AI is revolutionizing all areas of law. While experts almost unanimously agree on the need to target new regulations and recalibrate existing rules, there is no consensus on the most effective way to achieve the goals of trustworthiness and safety of game-changing technologies. Leveraging our guests’ extensive expertise, we will confront different approaches, from technical interventions such as standardization to fundamental rights impact assessment. Integrating complementary perspectives would allow us to strike a balance between diverging interests and methods.
EU institutions are both championing innovative regulation and grappling with its potential unintended consequences. Underpinning most recent regulatory efforts is the increasingly important notion of risk, which has risen to sit among the prominent organising principles of today’s complex reality. Researchers are also exploring the overlaps and gaps in the patchwork of regulation, including between the newly proposed AI Act and the GDPR. The aim of the debate is to untangle the challenges brought about by AI and to examine the role of regulation at the European Union level.
? 6 March 2023
? 2 p.m. CET
? Room T-10-01, IE Tower, Madrid and online
Speakers:
Martin Ebers is president of the Robotics & AI Law Society (RAILS) and Associate Professor of IT Law at the University of Tartu (Estonia). He taught and presented at more than 100 international conferences, is a member of several national and international research networks and published 16 books and over 120 articles in the field of Law & Technology, esp. AI, as well as in Commercial, Private, European, Comparative and International Law. His latest books are amongst others: Algorithms and Law (CUP, 2020); Algorithmic Governance and Governance of Algorithms (Springer Nature, 2020); Contracting and Contract Law in the Age of Artificial Intelligence (Hart, 2022). He is also a member of the advisory board of Lawtomation JCoE.

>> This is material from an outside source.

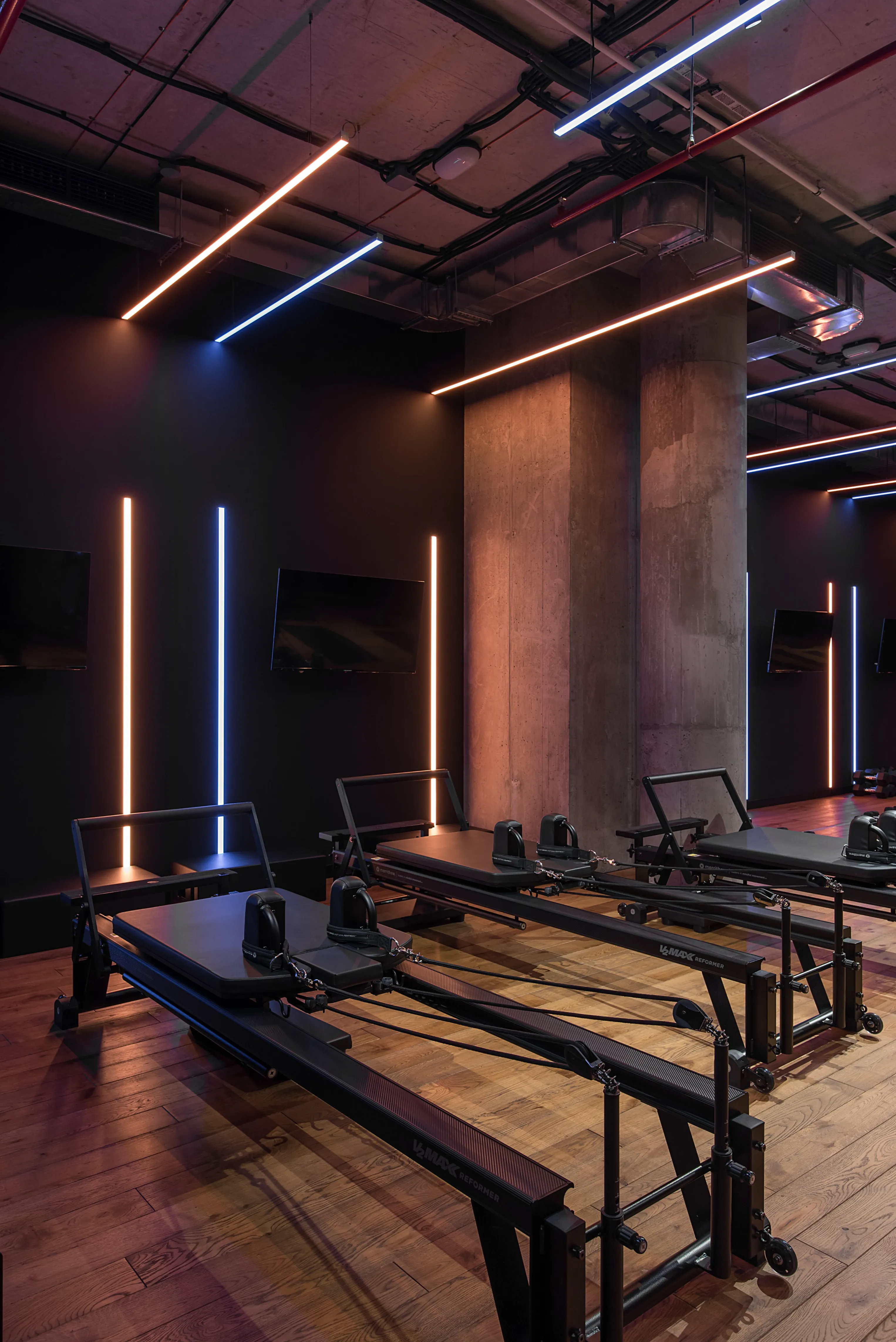В залі з реформерами основна увага приділена тренувальним станціям. Світло налаштовано таким чином, щоб бути компліментарним, а не основним елементом простору.

Raphaële Xenidis is assistant professor in European Law at Sciences Po Law School, Paris. Her research focuses on discrimination and equality law. She has worked on intersectionality and intersectional discrimination. Her MSCA project explored algorithmic discrimination, bias in automated decision-making systems and data-driven inequality. She holds a PhD in law from the European University Institute. Raphaële has been a Fulbright-Schuman visiting researcher at Columbia Law School, a lecturer in EU law at the University of Edinburgh, a postdoctoral researcher at Utrecht Law School and a member of the coordination team of the European Network of Legal Experts in Gender Equality and Non-Discrimination Law.